Deadlock anti-patterns #1: No arbitration

Starvation occurs when one or more threads of execution are prevented from proceeding beyond a given point due to a predicate that will never be satisfied. Deadlock is a special form of starvation where threads of execution are prevented from making progress due to predicate conditions that are directly dependent on them. To illustrate, consider threads A and B, with shared resources R1 and R2. If thread A holds resource R1, and thread B holds resource R2; a deadlock will occur if thread A needs resource R2 to proceed and thread B is waiting on thread A to release resource R1. Since neither thread releases the resource it is holding, and both need each other’s resource to continue, they both become engaged in a deadly embrace and cannot proceed any further.

Considering that parallel threads of execution quite often have to rely on shared/mutual state, and that locking is used as the predominant means of preventing destructive updates, it is not surprising that deadlocks are an issue that multi-threaded application developers have to contend with at some point or another.

The adage “prevention is better than cure” is rather prescient when considering the problem of deadlocks.
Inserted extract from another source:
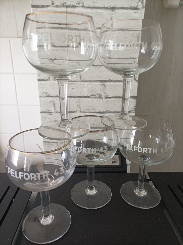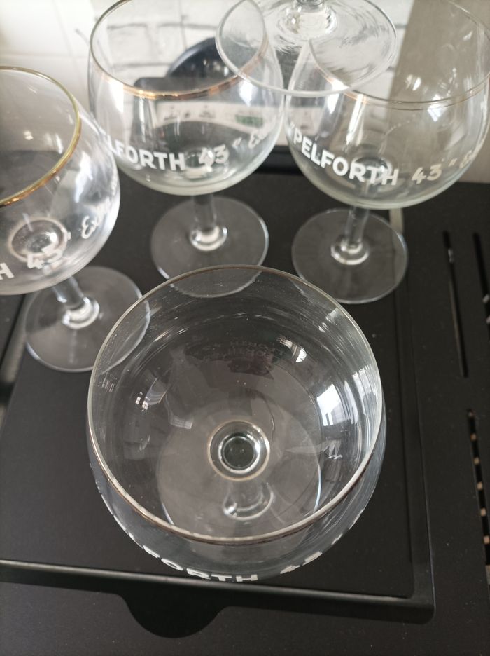 6 verres a bierre pelforth 43 extra scotch hauteur du verrs avec le pied 15.5 cm usure sur le liseret or

Actually, anyone who has had the displeasure of diagnosing deadlock will probably agree that the British and Australian version “an ounce of prevention is more valuable than a pound of cure” probably does a better job of emphasizing the contrast between the effort involved in preventing and fixing deadlocks respectively.

Thankfully (or sadly, depending on which way you look at it), deadlocks are mostly “man made” i.e. down to programmer error. Thus, preventing them can simply be a case of avoiding concurrency anti-patterns that have been shown to trigger them. We know from E.G. Coffman’s 1971 article that there must be four conditions for a deadlock to take place. These are:

  1. Mutual exclusion: The concurrent threads of execution must share state which cannot be accessed by more than one thread (or class of threads) at any given point in time.
  2. Resource hold and wait: Processes are not prevented from requesting new resources regardless of whether or not they are already holding other resources.
  3. No Preemption: A processes may not be forcibly deprived of the resources which it currently holds.
  4. A circular wait condition: This is the final and most identifiable condition required for a deadlock. It occurs when one or more resources form an interdependent and circular chain, such that each process Ti in the chain waits for a resource that is already held by the next process Tx in the chain, and Tx equally requires (directly or indirectly) the resource held by Ti.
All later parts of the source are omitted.